After your article I have re-read Dion and Plutarch. It is indeed singular that for twenty centuries men have read and reread those pages without any one’s realising how confused and absurd their accounts are.
It seems to be a law of human psychology that almost all historic personages, from Minos to Mazzini, from Judas to Charlotte Corday, from Xerxes to Napoleon, are imaginary personages; some transfigured into demigods, by admiration and success; the others debased by hate and failure. In reality, the former were often uglier, the latter more attractive than tradition has pictured them, because men in general are neither too good nor too bad, neither too intelligent nor too stupid. In conclusion, historic tradition is full of deformed caricatures and ideal transfigurations; because, when they are dead, the impression of their political contemporaries still serves the ends of parties, states, nations, institutions. Can this man exalt in a people the consciousness of its own power, of its own energy, of its own value? Lo, then they make a god of him, as of Napoleon or Bismarck. Can this other serve to feed in the mass, odium and scorn of another party, of a government, of an order of things that it is desirable to injure?

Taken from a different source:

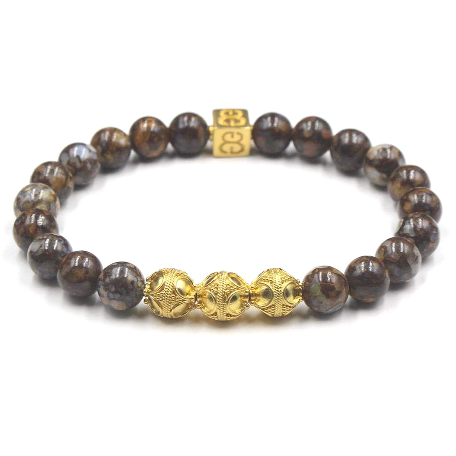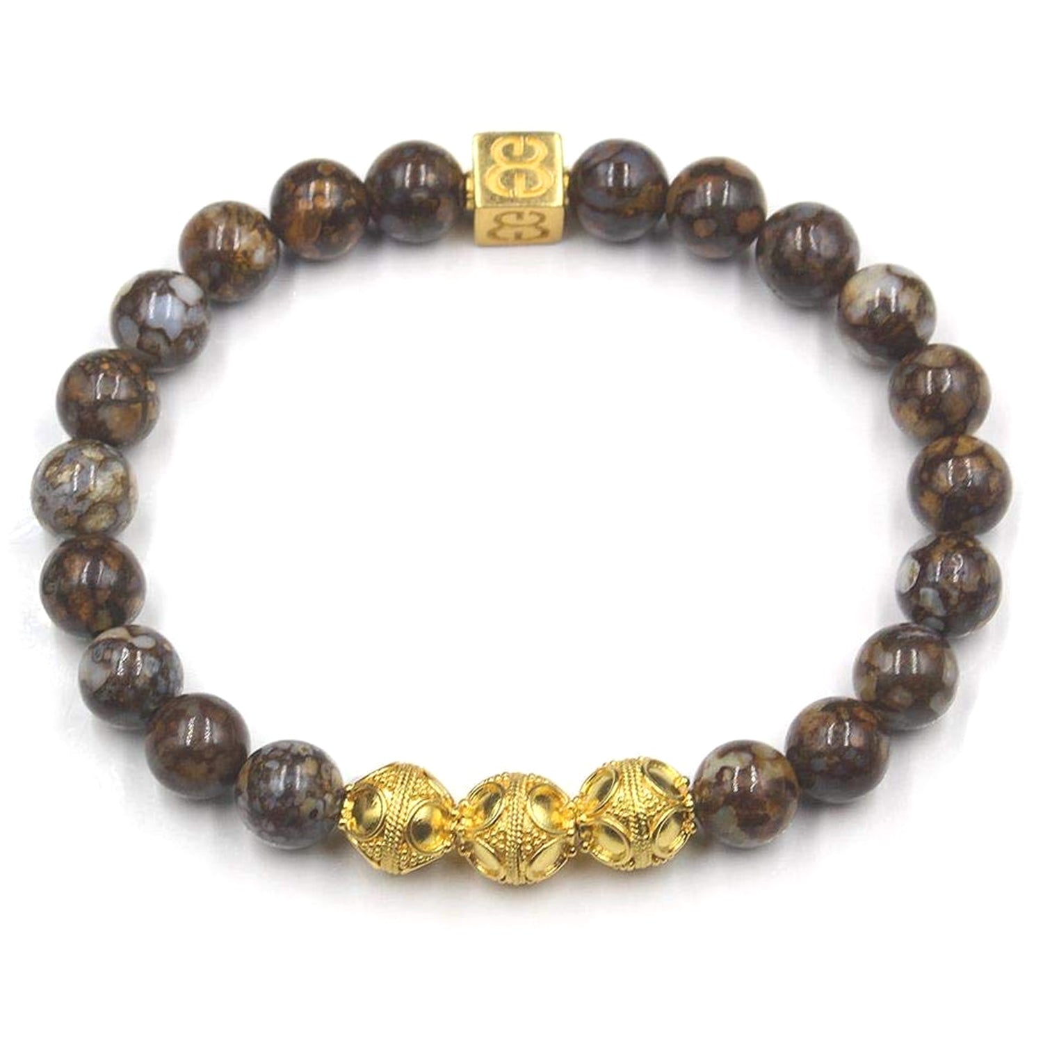 - Unsere Armbänder sind auf einer transparenten, hochspannungsfesten Kordel auf Silikonbasis befestigt, die für überragende Festigkeit und Haltbarkeit sorgt und jahrelang hält. Ihr Armband aus Ozeanjaspis und Sterlingsilber mit 22 Karat Goldauflage wird in einem Leinenbeutel geliefert.

Then they make a monster of him, as happened in Rome to Tiberius, in France to Napoleon III, in Italy to all who for one motive or another opposed the unification of Italy.

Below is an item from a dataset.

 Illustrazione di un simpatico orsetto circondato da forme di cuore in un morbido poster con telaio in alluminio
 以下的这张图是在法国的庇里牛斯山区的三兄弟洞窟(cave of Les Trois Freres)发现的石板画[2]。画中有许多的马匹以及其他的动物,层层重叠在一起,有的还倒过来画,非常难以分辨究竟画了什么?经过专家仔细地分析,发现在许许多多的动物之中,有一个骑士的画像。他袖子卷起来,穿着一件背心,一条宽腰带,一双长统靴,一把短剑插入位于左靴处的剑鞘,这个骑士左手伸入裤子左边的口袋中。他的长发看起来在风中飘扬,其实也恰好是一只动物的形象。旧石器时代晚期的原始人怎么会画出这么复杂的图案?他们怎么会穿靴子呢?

It is true that after a time the interests that have coloured certain figures with certain hues and shades disappear; but then the reputation, good or bad, of a personage is already made; his name is stamped on the memory of posterity with an adjective,—the great, the wise, the wicked, the cruel, the rapacious,—and there is no human force that can dissever name from adjective. Some far-away historian, studying all the documents, examining the sequence of events, will confute the tradition in learned books; but his work not only will not succeed in persuading the ignorant multitude, but must also contend against the multiplied objections offered by the instinctive incredulity of people of culture.
You will say to me, “What is the use of writing history? Why spend so much effort to correct the errors in which people will persist just as if the histories were never written?” I reply that I do not believe that the office of history is to give to men who have guided the great human events a posthumous justice. It is already work serious enough for every generation to give a little justice to the living, rather than occupy itself rendering it to the dead, who indeed, in contradistinction from the living, have no need of it. The study of history, the rectification of stories of the past, ought to serve another and practical end; that is, train the men who govern nations to discern more clearly than may be possible from their own environment the truth underlying the legends. As I have already said, passions, interests, present historic personages in a thousand forms when they are alive, transfiguring not only the persons themselves, but events the most diverse, the character of institutions, the conditions of nations.